Last year the mother, aged in her 20s, was arrested for her part in a fraud after putting her bank details into a bogus charitable website.

Her account was used to swindle £27,000 out of an elderly woman in Kent.

The court heard she denies involvement and no charges have been brought against her.

"By coincidence, last year, the defendant was arrested on a completely different matter of fraud allegations," said Mr Whitehouse.

"And of course there were fingerprints and DNA left in the carrier bag and in clothes in which the child was wrapped."

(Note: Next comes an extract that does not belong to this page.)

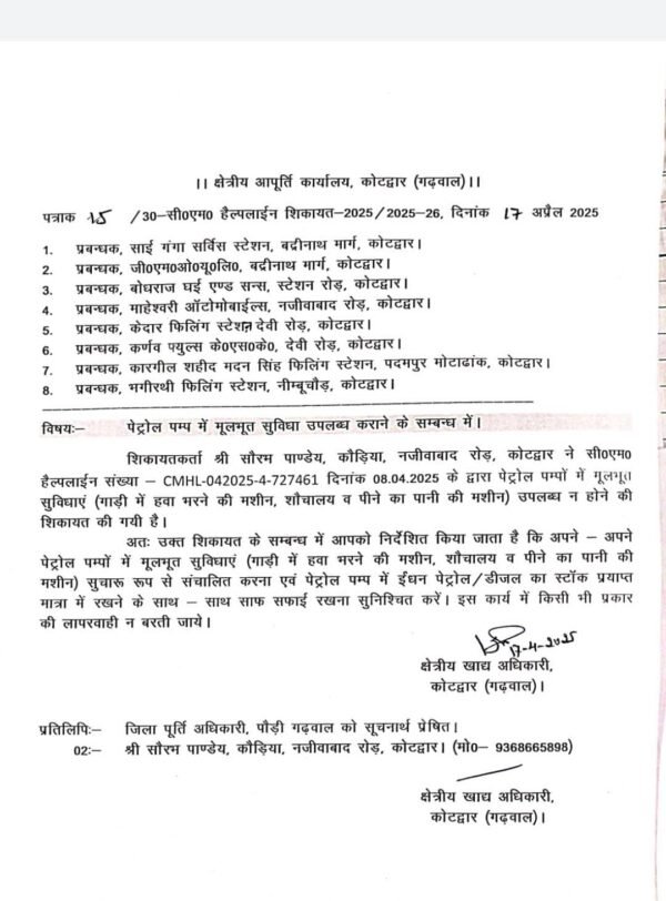 कोटद्वार । नगरनिगम कोटद्वार के अन्तर्गत आने वाले कई पेट्रोल पंप में मूलभूत सुविधाएं जैसे गाड़ी के टायरों में हवा भरने की मशीन, शौचालय और पीने का पानी आदि नहीं है जबकि जब इन पेट्रोल पंपों को लाइसेंस दिया जाता है तो उसमें यह अंकित किया जाता है कि जो भी ग्राहक की मूलभूत सुविधाएं हैं वह सब उपलब्ध करवाई जाएगी । कोटद्वार के अधिकांश पैट्रोल पंपो में यह सुविधाएं न होने पर छात्र नेता सौरभ पांडेय ने सीएम हेल्पलाइन पर शिकायत की है। जिसके बाद क्षेत्रीय खाद्य अधिकारी कोटद्वार द्वारा सभी पेट्रोल पंप संचालकों को सुचारू रूप से पेट्रोल पंप संचालित करने, पर्याप्त ईंधन स्टॉक रखने और साफ सफाई रखने के सख्त निर्देश जारी कर दिए गए है साथ ही इस कार्य में लापरवाही न बरतने को भी कहा है।
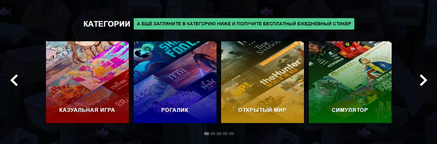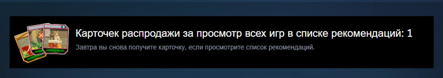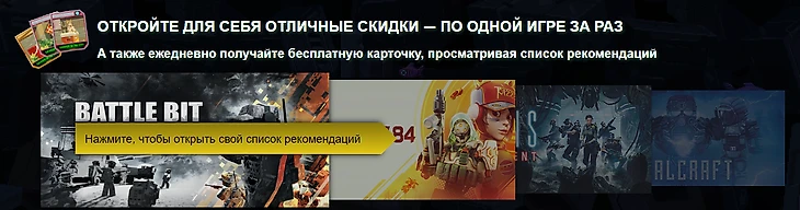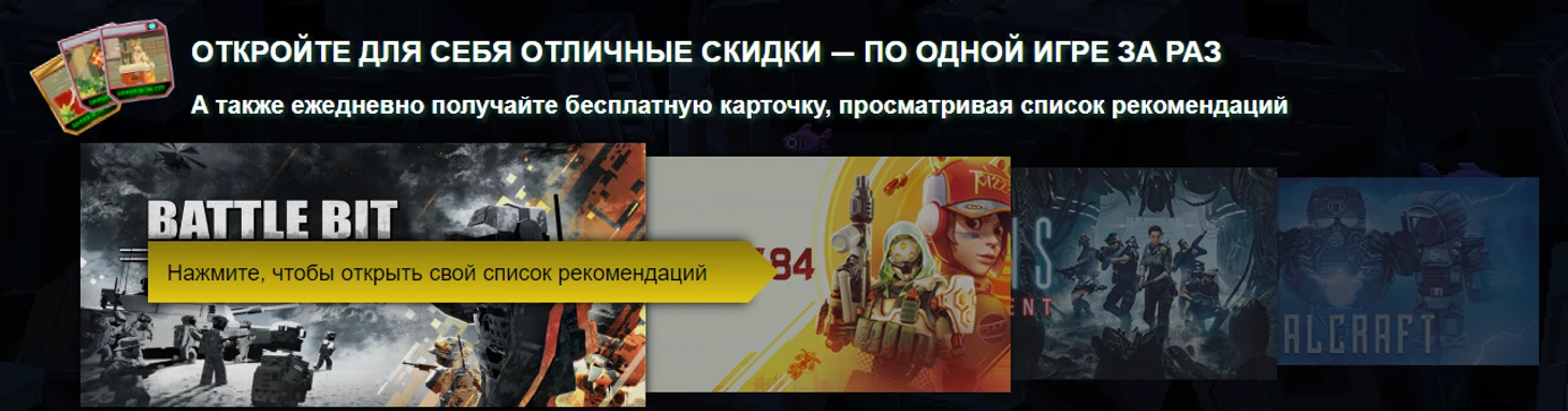 Найдите блок «Откройте для себя отличные скидки – по одной игре за раз. А также ежедневно получайте бесплатную карточку, просматривая список рекомендаций»

Siobhan Molloy, defending, said the mother was depressed and faced "difficult circumstances" when she abandoned the child.

"She was in denial when she was pregnant, you may ask why she did not go to hospital, she was not in her right mind," she said.

"The child is now hopefully living a blissfully ignorant life."

The baby girl was fostered and later adopted and the mother had not contact since.

She brought a letter to court for social services to give the child when she turns 18.

The court heard how the woman often thinks of her daughter especially on her birthday.

Judge Mr Recorder Peter Rouch QC  told the woman: "At the time, according to a psychiatrist, you were suffering from depression and in the circumstances you did not face up to the pregnancy, you were in denial."

The judge spared her jail and instead handed her a community order for 18 months.

She was convicted under Section 1.1 of the Children and Young Persons Act 1933 for wilfully abandoning a person under 16.